With the pictures excluded, output only the lines from the one containing "アイボリーの織り地に抽象柄を配した帯。" through the last line of the entries, unchanged.

▸ **Records provided**:
◇ ◇ ◇ ◇ ◇
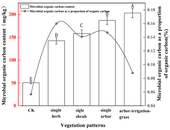 Effects of different vegetation patterns on soil microbial organic carbon content. Note: different capital letters indicate significant differences between different land types (p ≤ 0.05).
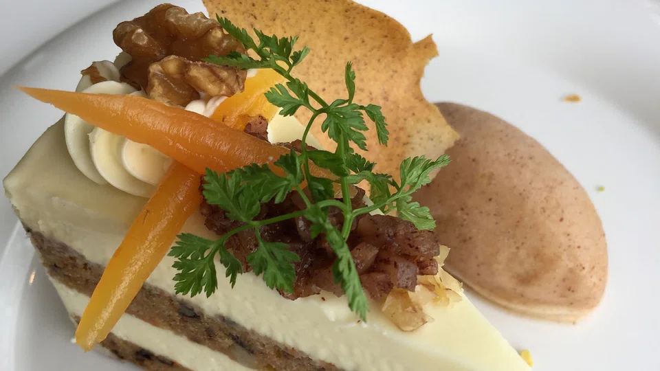 The carrot cake (S$8) with cinnamon sorbet and chai poh fares only slightly better; the cake sandwiches stiff cream-cheese frosting and is garnished with real chai poh (preserved radish) soaked and cooked in sugar, which is more gimmicky than useful.
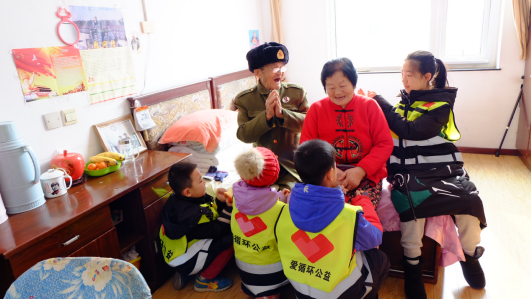 “看到你们来我特别开心,就像看到亲人一样。儿女们工作忙也没时间过来,谢谢你们还想着我们,也希望你们在新的一年里工作顺利、学习进步。”78岁的徐桂兰和志愿者们亲切交谈,说今年已经是她来服务中心养老的第四年,已经把这里当家了,平时组织大家一起唱歌跳舞,生活的很快乐。
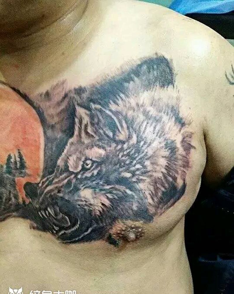 当前位置: 首页 >河南省安阳市纹身店-安阳筑心纹身培训机构纹身图案>狼纹身图片_胸部欧美写实动物成品纹身图案
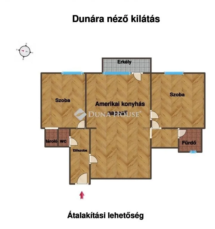 Eladó a II. kerületben (Újlak), a Duna-parton, liftes társasház 3. emeletén található, 76 nm-es, kiváló beosztású, felújítandó lakás, amely jelenleg külön konyhával és 2 külön bejáratú nagy szobával rendelkezik, és a kialakítása miatt könnyen amerikai konyhás nappalival rendelkező 2 hálószobás lakássá alakítható, akár 2 fürdőszobával is. A lakáshoz 3 nm-es, Dunára néző erkély tartozik.
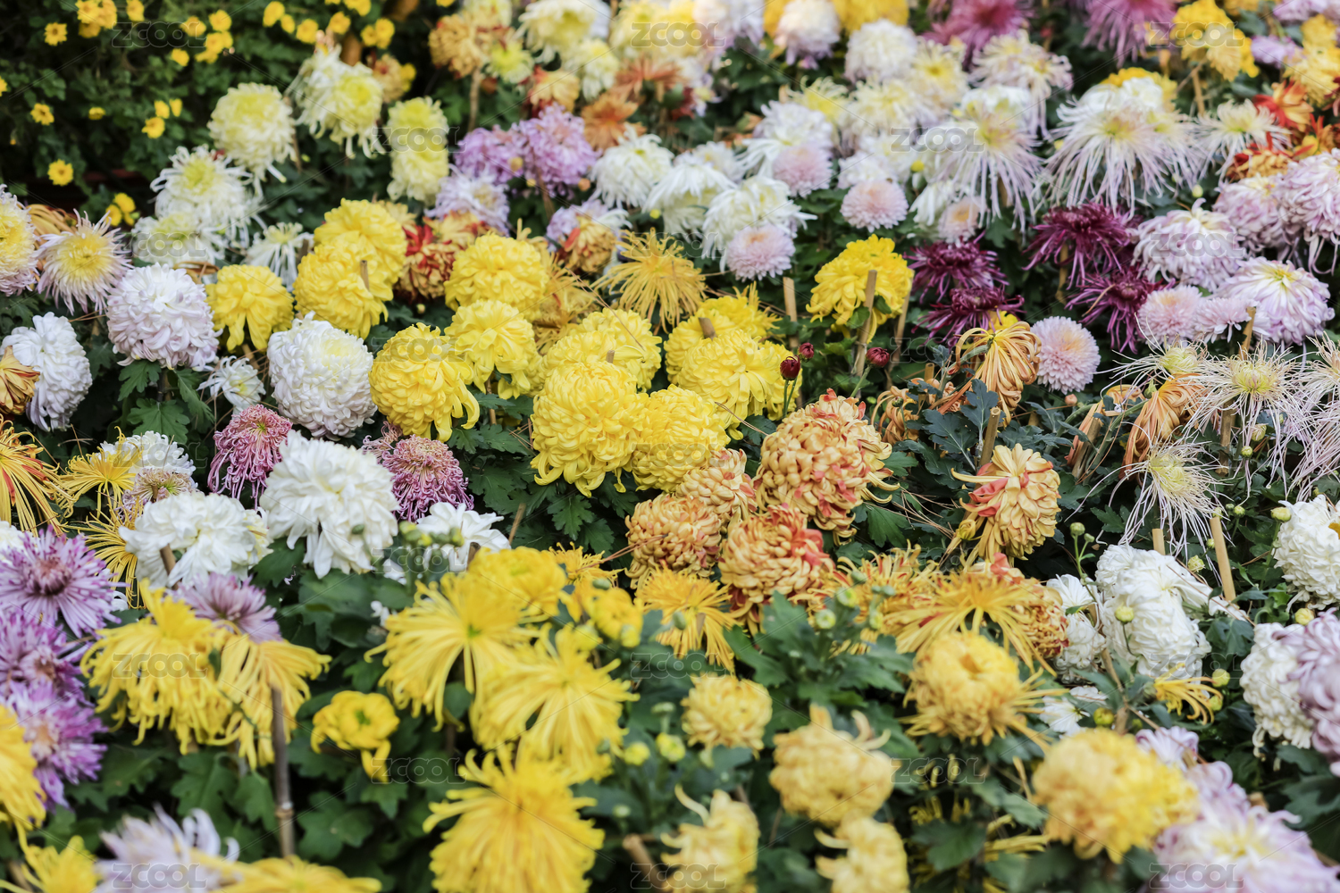 公园里盛开的五颜六色的菊花
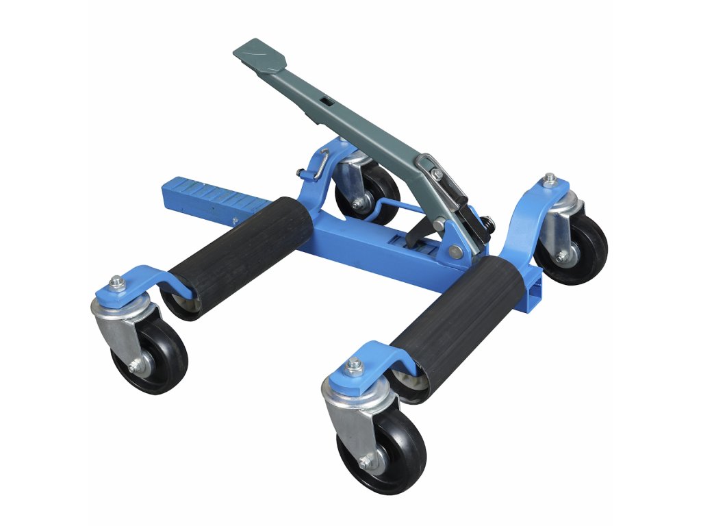 Mechanischer PKW-Radheber mit 4 Nylonrädern (Ø100 × 34 mm). Bei Verwendung von 4 Stück ermöglicht es eine einfache Handhabung des Fahrzeugs auf kleinem Raum. Die Tragfähigkeit eines Wagenhebers beträgt 560 kg, der Raddurchmesserbereich beträgt 450 – 810 mm, der Arbeitsbereich der Zylinder beträgt 340 – 710 mm, die maximale Breite des Reifens beträgt 228 mm.
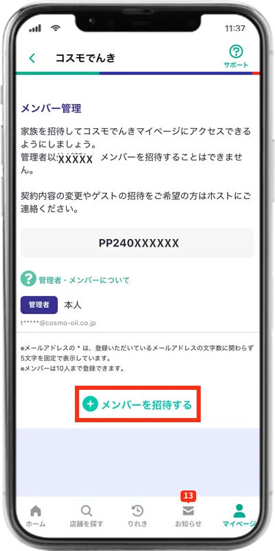ご家族等を招待する事で、ご家族等もアプリから簡単に「コスモでんきお客さまページ」にログインすることができます。
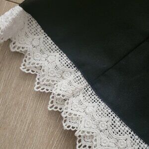 Black pleated miniskirt with white lace details at the hem. Very cute and perfect way to give personality to any look! Worn lightly, in perfect condition. Zip and clasp back. Polyester and rayon material.
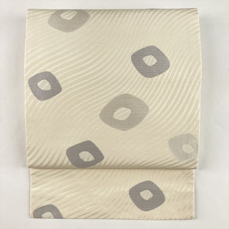 アイボリーの織り地に抽象柄を配した帯。
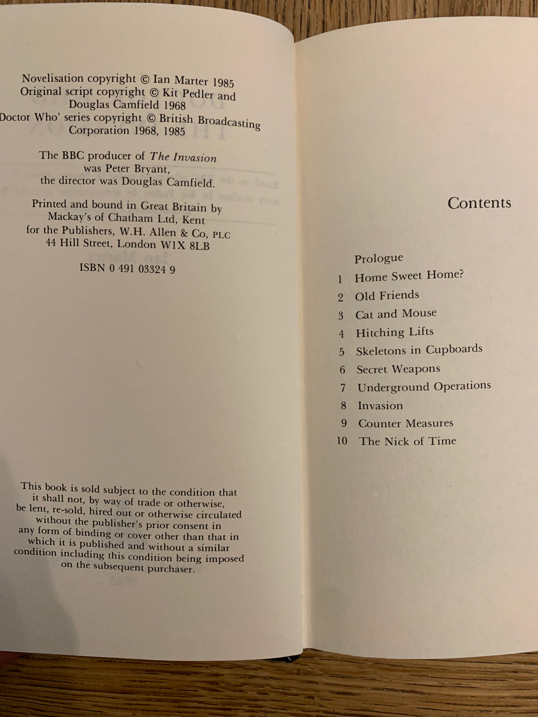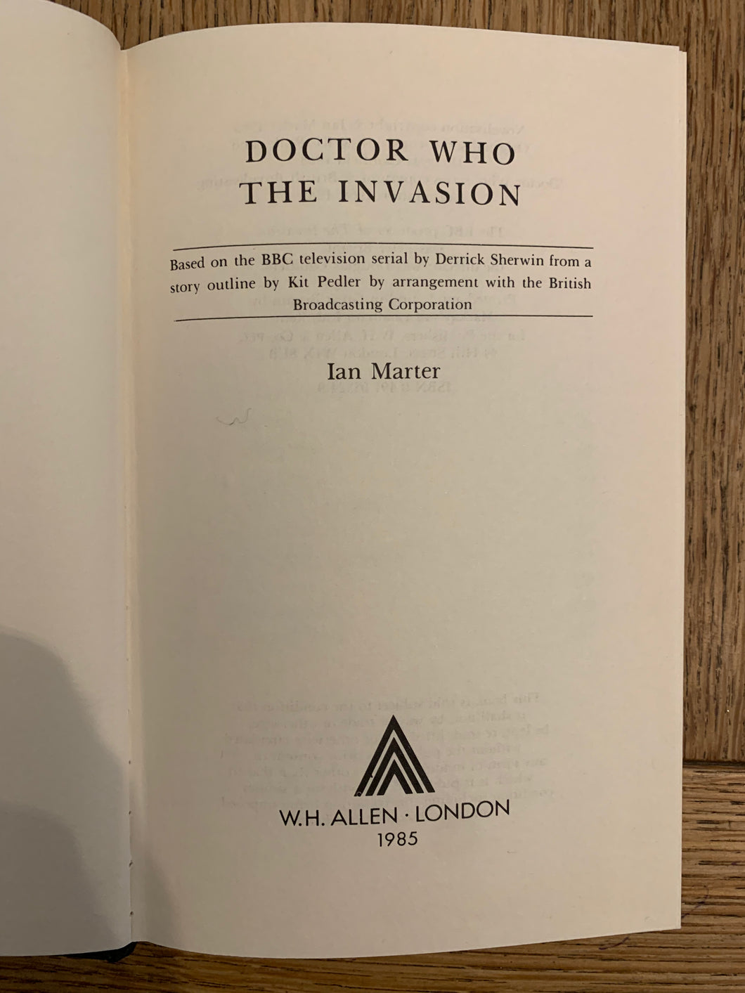 'Doctor Who - The Invasion' by Ian Marter. Published by WH Allen. 1985. UK 1st edition. Laminated pictorial boards. No dust wrapper as issued.
◇ ◇ ◇ ◇ ◇
▸ **Reply to the task**:
 アイボリーの織り地に抽象柄を配した帯。
 'Doctor Who - The Invasion' by Ian Marter. Published by WH Allen. 1985. UK 1st edition. Laminated pictorial boards. No dust wrapper as issued.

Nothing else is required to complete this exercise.